Today global civil society and privacy advocates draw attention to the mass surveillance that digital life and tools – and the complicity of corporate entities – has engendered. The NSA and Edward Snowden scandals are just the latest revelations in a crisis that has been growing for years; witness this Wired article that discusses whistleblower Mark Klein’s divulging of AT&T’s secret surveillance closets back in the early-mid 2000s. Critical to the Snowden affair is an understanding of the role that independent investigative journalism, unfettered by deep corporate ties and media conglomeration, has played in making the information available to a world audience. For that, we largely have Glenn Greenwald to thank. His fearless reporting has led to him living essentially in exile and to ongoing harassment of both him, as well as his partner. Resisting mass surveillance in the digital age carries with it a large cost.
Yet what Snowden, Klein, Greenwald and others have revealed is a stark truth: the ease of digital information capture, transfer and replication is, simply put, too strong a lure for the government and corporate entities/enablers/informants to resist. These surveillance programs, under the guise of national security, put Cold War-era analog programs to shame. It is an irresistible power that, unchecked, will continue.

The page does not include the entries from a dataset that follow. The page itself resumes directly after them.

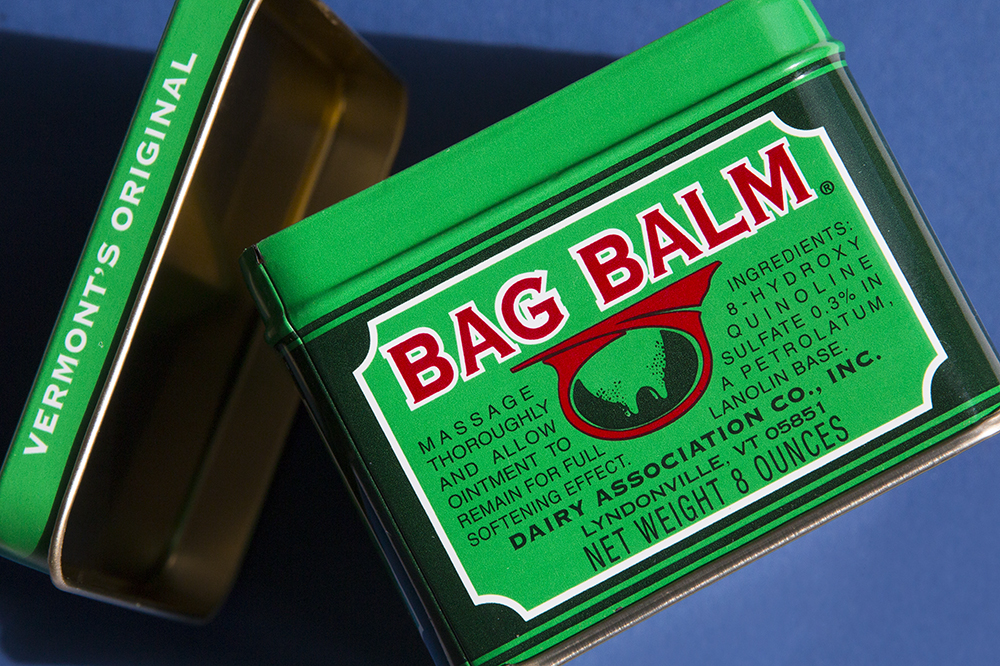 Formulated with lanolin, petroleum, and the antiseptic 8-hydroxyquinoline, Bag Balm is a product of Vermont's Original, based in Lyndonville, Vermont. Developed in 1899, it’s as “heritage' as a product can get. It’s thicker than Vaseline and presents a strong, medicinal scent that's pungent at first whiff but wears off on the skin over time.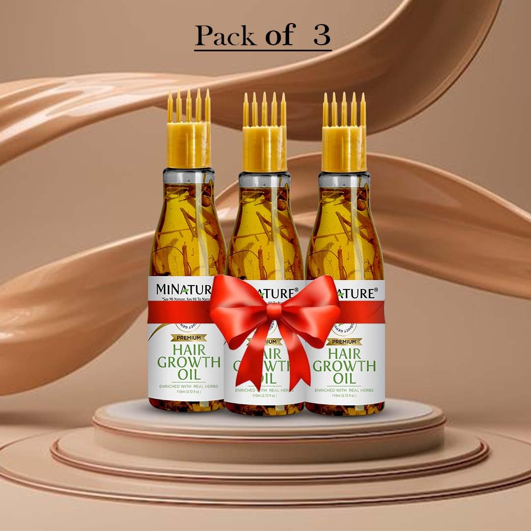 MINATURE's Pack of 3 Hair Oilmi nature's Pack of 3 Hair Oil designed to revolutionize your hair care routine. Experience the power of nature's bounty with a blend of Pure All in one Coconut Almond Olive and Til Oil meticulously crafted and revitalize your hair from root to tip.Key Features: Enriched with Live Herbs our unique formula infuses your hair with the goodness of nature drop is a potent concoction of botanical wonders carefully selected to provide holistic care for your precious locks𧪠Free from Harmful Chemicals our hair oil prioritizes you. Say goodbye to harsh additives and embrace a natural approach to hair without compromising on quality.Non-GMO Vegan Gluten-free: We believe in providing quality products that align with your lifestyle. Our tablets are non-GMO Vegan and Gluten-free ensuring everyone can enjoy their benefits.With a convenient 110ml size our Pack of 3 Hair Oil ensures that you have an ample supply to indulge in luxurious hair care whenever you desire. Elevate your hair care routine with mi nature and unlock the secret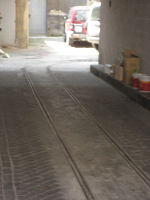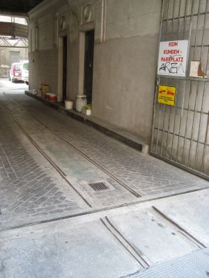 Als ich am Samstag die alten Gleise in der rechten Wienzeile fotografieren war, bin ich durch Zufall auch durch die Kettenbrückengasse gekommen. In einer Toreinfahrt zwischen Nummer 19 und Nummer 21 liegt noch dieses Schmalspurgleis, das außen direkt am Tor endet. Im Hof macht es hinten eine Rechtsbiegung.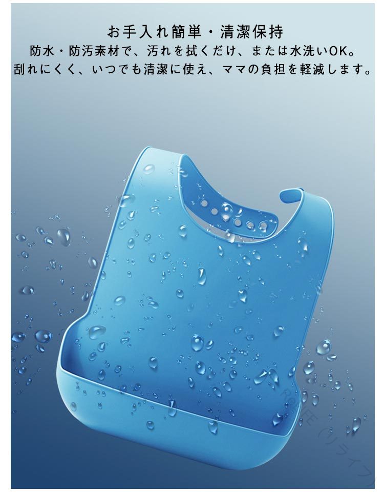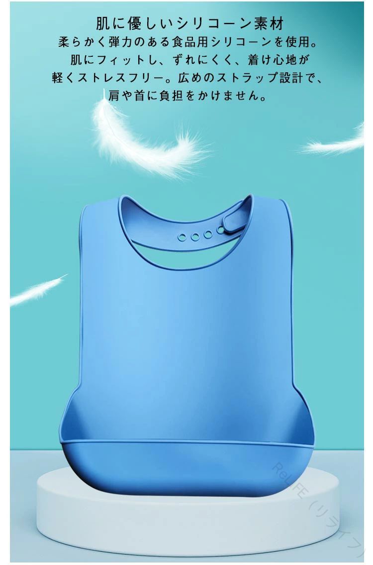 【2点セット】立体構造でこぼれない安心立体型すくい式デザイン+底部補強リブで、形が崩れず食べこぼしをしっかりキャッチ。お子様の動きにもへたらず、いつでも清潔な服で食事が楽しめます。肌に優しいシリコーン素材柔らかく弾力のある食品用シリコーンを使用。肌にフィットし、ずれにくく、着け心地が軽くストレスフリー。広めのストラップ設計で、肩や首に負担をかけません。6段階調節で長く使える首回りは6段階の調整可能。成長に合わせて最適なフィット感をキープします。縁がなめらかで首に食い込まず、快適な着け心地を実現。お手入れ簡単・清潔保持防水・防汚素材で、汚れを拭くだけ、または水洗いOK。刮れにくく、いつでも清潔に使え、ママの負担を軽減します。環境にも優しい素材安全性の高い・保素材を使用。赤ちゃんにも地球にもやさしい製品です。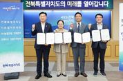 [한국기자연대] 전북특별자치도가 도민이 함께 만든 발전기금을 바탕으로 미래 인재 육성을 위한 장학사업을 추진한다. 도는 2일 도청에서 NH농협은행 전북본부, 초록우산 어린이재단 전북지역본부와 함께 '전북특별자치도 사회협약 제1호'로 ‘미래동행 장학사업’ 협약을 체결했다고 밝혔다. 이번 협약은 전북자치도가 사회협약위원회를 통해 논의한 첫 결실로, 도민 참여로 조성된 기금을 공익 장학사업으로 추진한 사례다. 협약식에는 김관영 전북특별자치도지사, 강태창 사회협약위원회 위원장, 김성훈 NH농협은행 전북본부장, 구미희 초록우산 전북지역본부장이 참석해 의미를 더했다. 발전기금은 전북특별자치도 출범을 기념해 도와 NH농협이 공동으로 출시한 금융상품 ‘NH 함께하는 전북특별자치도 성공예금’을 통해 조성됐다. 2023년 11월부터 2024년 3월까지 한시적으로 판매된 이 상품은 예금의 연평균 잔액 0.1%가 기금으로 적립되고, 여기에 NH농협의 추가 기부가 더해져 총 5천만 원이 마련됐다. 조성된 기금은 초록우산 전북지역본부를 통해 도내 초·중·고교생 가운데 예술, 체육, 수학, 과학, 어학 등 전국대회 입상자 5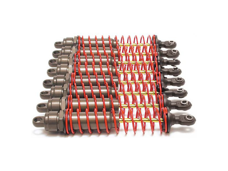 Olejové tlumiče Big Bore s pružinami o tuhosti #2.5. Hliníkové tělo s teflonovou vložkou, ocelové pístnice povlakovaná nitridem Titanu (TiN). Tlumiče jsou kompletně sestaveny včetně pružin #2.5 (červená), písty tlumiče a silikonový olej. Tuningový díl pro model T-Maxx.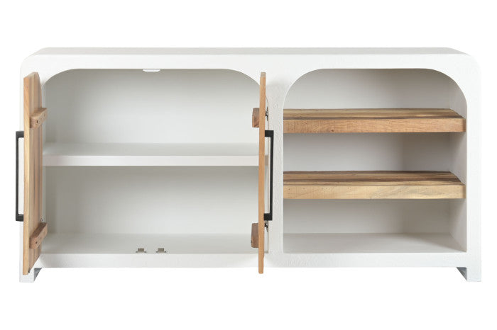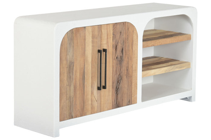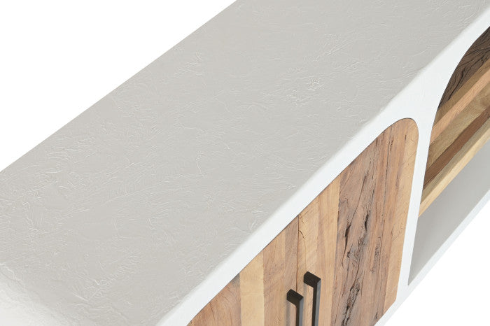 Елегантна смесица от естествена текстура и градски стил. Този минималистичен бюфет се отличава с топла рециклирана дървесина, хладни бетонни акценти и многофункционално място за съхранение – идеален за изискан, съвременен интериор.

Like most people involved in any sort of political action or advocacy and now in my 21st year online, I have long assumed that what I do and say and to whom I say it online is being collected by someone, somewhere. I am inclined to feel resigned about this fact, and go about my daily life. But I am increasingly aware that this sort of lax cynicism is not good enough anymore. While technologies such as Tor and others are being developed to respond technologically to the need for privacy and security for any number of legitimate applications, these maneuvers are likely not good enough and, furthermore, often raise the suspicion of the watchers just by being used. The only way to even begin to respond is to demand transparency and disclosure laws, and to continue to hold the government and those aiding and abetting them, such as AT&T, accountable.